Function and mechanism
BRCA1 is part of a complex that repairs double-strand breaks in DNA. The strands of the DNA double helix are continuously breaking as they become damaged. Sometimes only one strand is broken, sometimes both strands are broken simultaneously. DNA cross-linking agents are an important source of chromosome/DNA damage. Double-strand breaks occur as intermediates after the crosslinks are removed, and indeed, biallelic mutations in BRCA1 have been identified to be responsible for Fanconi Anemia, Complementation Group S,[4] a genetic disease associated with hypersensitivity to DNA crosslinking agents. BRCA1 is part of a protein complex that repairs DNA when both strands are broken. When this happens, it is difficult for the repair mechanism to "know" how to replace the correct DNA sequence, and there are multiple ways to attempt the repair. The double-strand repair mechanism in which BRCA1 participates is homology-directed repair, where the repair proteins copy the identical sequence from the intact sister chromatid.[5]

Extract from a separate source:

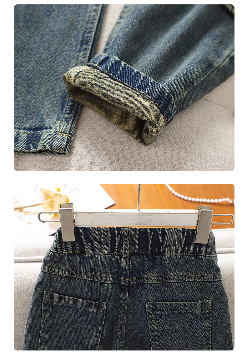- Quần jean nữ, kiểu xuân thu, quần áo trẻ em hợp thời trang, quần kiểu bố, quần mùa thu cho trẻ lớn, quần cà rốt mùa thu.
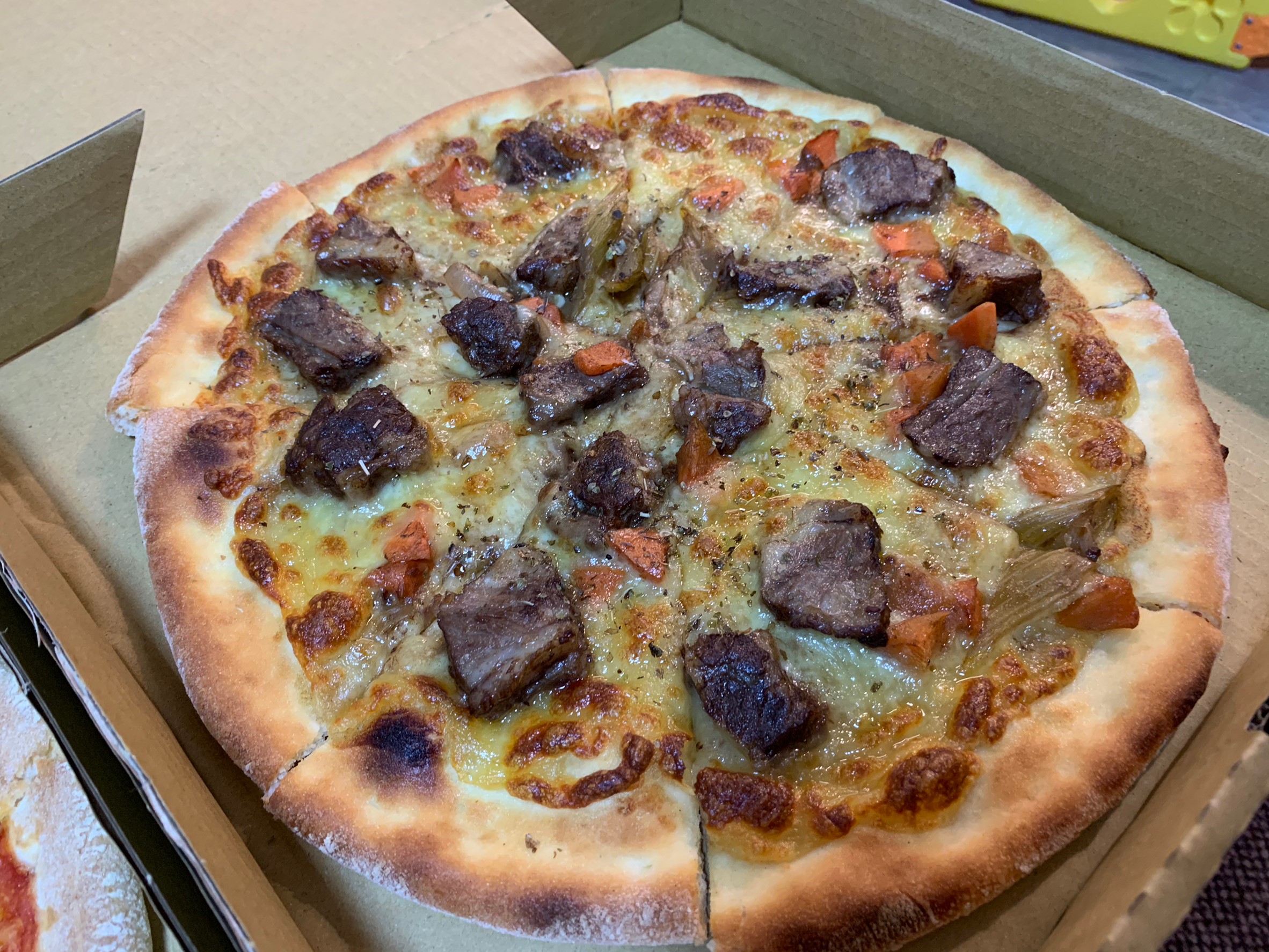 特別是新口味紅酒燉牛肋條披薩,很受大家親睞,每個披薩還會送一罐汽水呢~

In the nucleus of many types of normal cells, the BRCA1 protein interacts with RAD51 during repair of DNA double-strand breaks.[6] These breaks can be caused by natural radiation or other exposures, but also occur when chromosomes exchange genetic material (homologous recombination, e.g., "crossing over" during meiosis). The BRCA2 protein, which has a function similar to that of BRCA1, also interacts with the RAD51 protein. By influencing DNA damage repair, these three proteins play a role in maintaining the stability of the human genome.[citation needed]
BRCA1 is also involved in another type of DNA repair, termed mismatch repair. BRCA1 interacts with the DNA mismatch repair protein MSH2.[7] MSH2, MSH6, PARP and some other proteins involved in single-strand repair are reported to be elevated in BRCA1-deficient mammary tumors.[8]
A protein called valosin-containing protein (VCP, also known as p97) plays a role to recruit BRCA1 to the damaged DNA sites. After ionizing radiation, VCP is recruited to DNA lesions and cooperates with the ubiquitin ligase RNF8 to orchestrate assembly of signaling complexes for efficient DSB repair.[9] BRCA1 interacts with VCP.[10] BRCA1 also interacts with c-Myc, and other proteins that are critical to maintain genome stability.[11]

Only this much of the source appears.